When the s2 Mental Health Act 1983 authorisation expired, was he still deprived of his liberty? An application for authorisation under the DoLS was made about a week later - was this the appropriate legal framework for a young man who was admitted for the purpose of psychiatric treatment, and who was objecting? In any case, the DoLS authorisation was refused - the investigation report does not tell us why. I would hope that future investigations focus attention on the quality of decision making by the supervisory body here. The net result of all of this is that from 16th April until LB died, he was not formally detained under any legal framework at all - and so there was no external scrutiny of his care from a Tribunal, Approved Mental Health Professional or any of the DoLS safeguards.
Discharge planning
One thing we know from the national reports mentioned above – and CQC’s annual reports on the MHA - is that people with learning disabilities are often in units like this for far too long because there is a lack of focus on discharging them with the appropriate support. In LB's case, the investigators found that ‘The working relationship between the unit and the community team has not always been good. The community team has not felt appropriately involved and engaged in processes such as those around discharge planning’. LB's own mother ended up convening the CPA meeting. What difference would it have made if LB had been under the MHA or the DoLS, and supported to enjoy the appropriate safeguards such as advocacy or appealing to a Tribunal? Perhaps none - we know that a Tribunal didn't discharge anybody from Winterbourne View. But it might have focussed minds on discharge planning with appropriate support.

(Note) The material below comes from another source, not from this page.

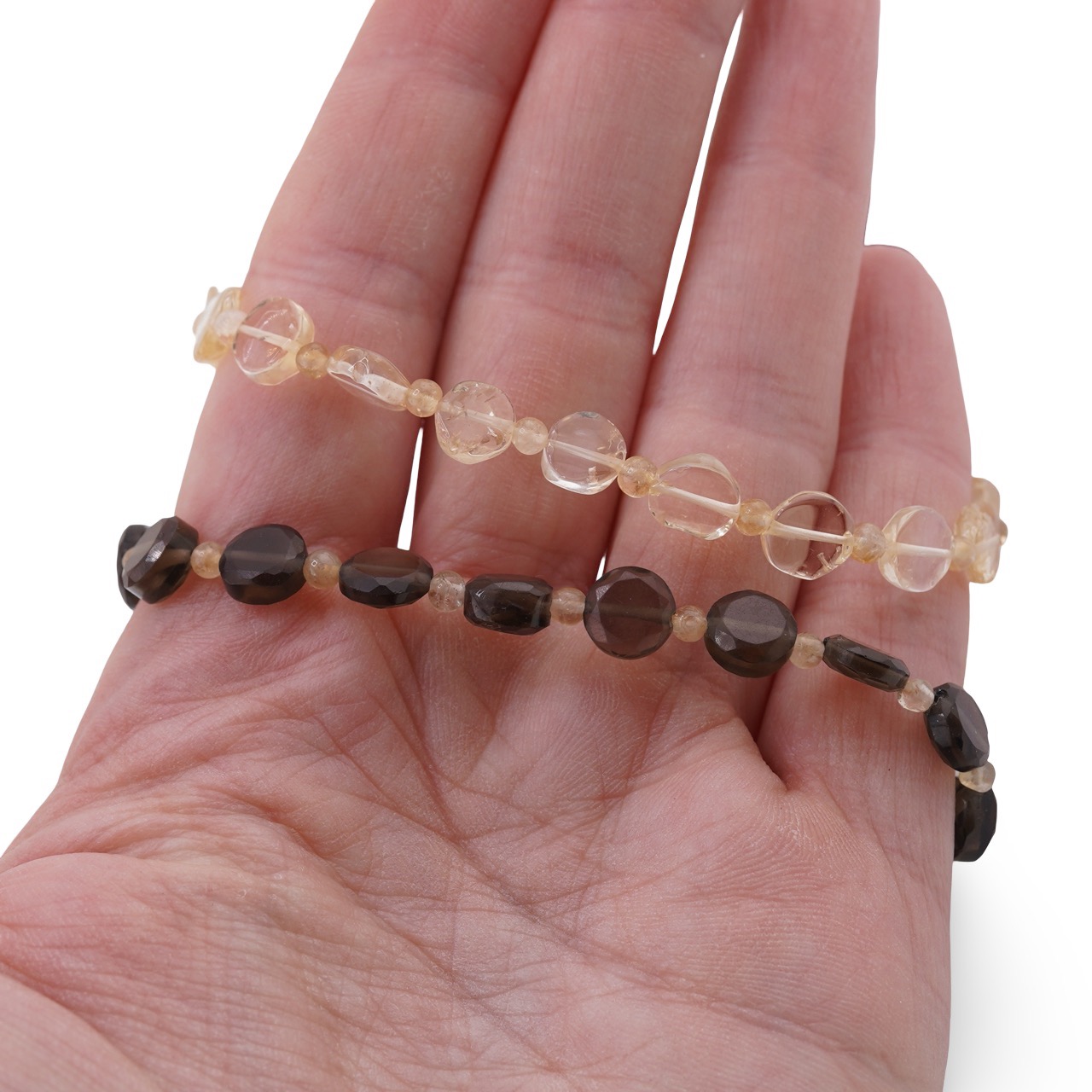 Colier Citrin bănuți 6–7 mm, sfere 3 mm și Cuart fumuriu bănuți fațetați 7 mm cu Hematit auriu steluță

What were the clinical leads doing to hasten LB’s discharge? The responsible clinician told the investigators that 'I wasn’t terribly involved towards the end because I didn’t see a role for psychiatry at that time.' S3, the other ‘clinical lead’, told investigators:
“I did not know why he was with us, I didn’t think he should be with us, and it was a matter of regret to me that he had come and that he had not been swiftly discharged. There was one question and one question only that I thought was fitting possibly to be answered with an inpatient setting, which was: was there an element of psychotic illness relevant to his challenging behaviour, and I think that within a few days we had satisfied ourselves that there was no evidence to suggest that. I would say that he possibly need not have come into hospital for us to address that question, and that once that question was answered he should have swiftly been discharged from hospital.”'
LB was in the unit under no clear legal authority, possibly unlawfully deprived of his liberty, both clinical leads did not think he should have been there, and yet he was. He was stuck in an unsafe, impoverished environment, with nobody taking charge of helping to support him and his family with a return home with the appropriate services. And then he died. All of this was preventable.
The report made terrifying reading - and showed the hollowness of much of the rhetoric around these issues. If such casual neglect could happen in a unit with so few patients, heaven help us.
ReplyDeleteAnd I can't help thinking that the blurring of the lines between the behaviour of people with LD and those with a mental illness doesn't help much. And yes, our children do become adults at 18 like everyone else, and should have the same rights, but leaving parents out of the picture benefits the providers more than the recipients. Give us the benefit of the doubt, at least.